Data

Data is of course a key part of any machine learning or data science project, and Gluepy comes packaged with multiple helpful tools to help read, interact and customize any data interaction.

Storage and File System

All file system interaction should be done using the default_storage object which is instantiated with the class defined in STORAGE_BACKEND. The default_storage object have the methods defined as described on The BaseStorage Class.

By using the default_storage object, you do not need to be concerned if you are on Azure, GCP, S3 or your local file system. Your code looks the same and migrating from local development, to production workloads in the cloud is as easy as changing the STORAGE_BACKEND setting.

from gluepy.exec import Task
from gluepy.files.storages import default_storage


class ForecasterTask(Task):

    def run(self):
        if default_storage.exists("file.txt"):
            data = default_storage.open("file.txt")
        else:
            raise FileNotFoundError("file.txt not found")

Use Cloud Storage

By default, STORAGE_BACKEND points to the The LocalStorage Class. This makes it easy for you to get started with Gluepy on your local machine.

Many project may have data that cannot fit into the local machine or your business may have a centralized data lake where all data resides. For these situations, you must change the STORAGE_BACKEND to point to a Storage Backends that support your cloud storage of choice.

Gluepy already support the following providers:

Here is an example using the The GoogleStorage Class.

# settings.py
STORAGE_BACKEND = "gluepy.files.storages.google.GoogleStorage"
GOOGLE_GCS_BUCKET = "mybucket-1234"

Now, my default_storage object will point to an instance of GoogleStorage, and all method calls will authenticate to Google Cloud Storage and use it as a file system for our Gluepy project.

Data and DataFrames

All reads and writes of DataFrames should be done using the data_manager object. This object is lazily evaluated to the DATA_BACKEND, which allow you to modify what kind of data frame that is returned with minor changes to your code.

The benefit of ensuring that your project use the data_manager instead of reading the data directly, is that it will ensure that all your Dataframes are stored and versioned in the Run Folder, and it will automatically read the data from the STORAGE_BACKEND defined.

You may want to work with Spark DataFrames, Polars Dataframes or Pandas Dataframes.

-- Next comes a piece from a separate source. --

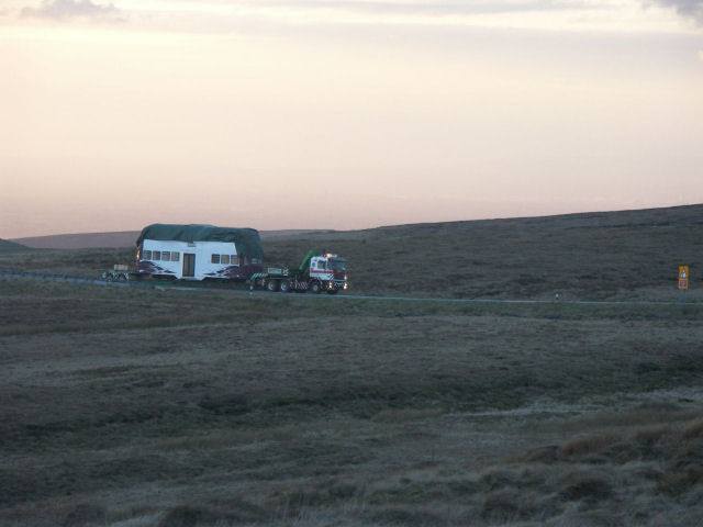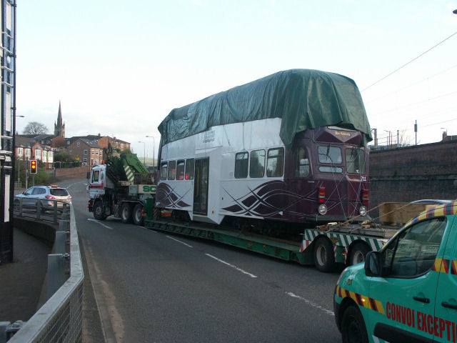 A very unusual sight in Macclesfield on the evening of April 8th, as Blackpool 711 makes its way through the town on the back of a Scotts low loader.

If you want to modify the type of data frame that your project is relying on, you can change that using the DATA_BACKEND.

See Data Backends for the currently supported providers.

from gluepy.exec import Task
from gluepy.files.data import data_manager


class ForecasterTask(Task):

    def run(self):
        df = data_manager.read("training.parquet")

Schemas and Data Validation

There are plenty of great DataFrame validation frameworks out there, and we have made the decision to not invent our own. We recommend that you use tools such as pandera or pydantic to do your data validation.

from datetime import datetime
from gluepy.exec import Task
from gluepy.files.data import data_manager
import pandera as pa


class TrainingSchema(pa.DataFrameModel):
    created_at: pa.typing.Series[datetime]
    article_id: pa.typing.Series[int]
    store_id: pa.typing.Series[int]
    units_sold: pa.typing.Series[int]


class ForecasterTask(Task):

    def run(self):
        df = TrainingSchema(data_manager.read("training.parquet"))